Canaryville Soundex Code C561

Canaryville is a neighborhood within Community Area 61 New City.

The Canaryville neighborhood is one of the oldest neighborhoods in Chicago and, with neighboring Bridgeport, has a reputation for insularity or hostility to outsiders. According to the Encyclopedia of Chicago, the neighborhood extends from 40th Street to 49th Street between Halsted Street and Parnell Avenue. The area's residents depended on the development, and suffered from the decline, of the livestock and meat packing industries. Its more successful members moved to newer housing, often in the suburbs, and other work in the post-World War II years.

Its population in 2010 was about half the number in 1930. Historically, it has been known as an Irish American neighborhood.
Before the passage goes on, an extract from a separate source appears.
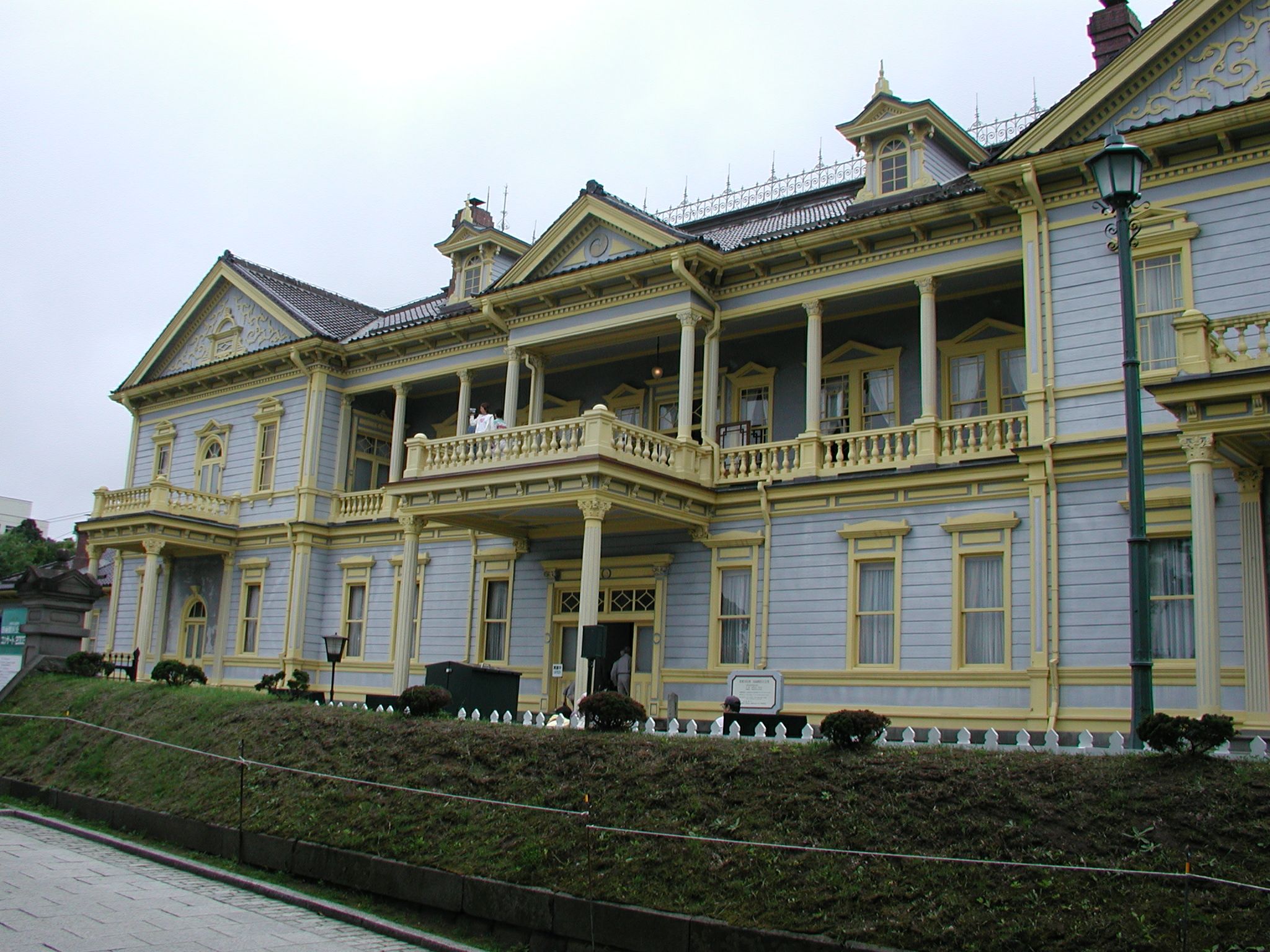 独特の色使いによる異国情緒たっぷりの旧函館区公会堂。明治43年建立の国重要文化財。

The Irish were the first major group of Europeans to immigrate to Chicago in the 19th Century and defended their territory here against later arrivals, both Europeans and African Americans who came north in the Great Migration. Its gangs were active in attacks on African Americans in the Chicago Race Riot of 1919. Since the late 20th Century, Mexican immigrants and their descendants have also moved into the area.

Canaryville's name may refer to the sparrows who fed in the stockyards and railroad cars in the late 19th Century. The name may also refer to youth gangs in the neighborhood, who were known as "wild canaries".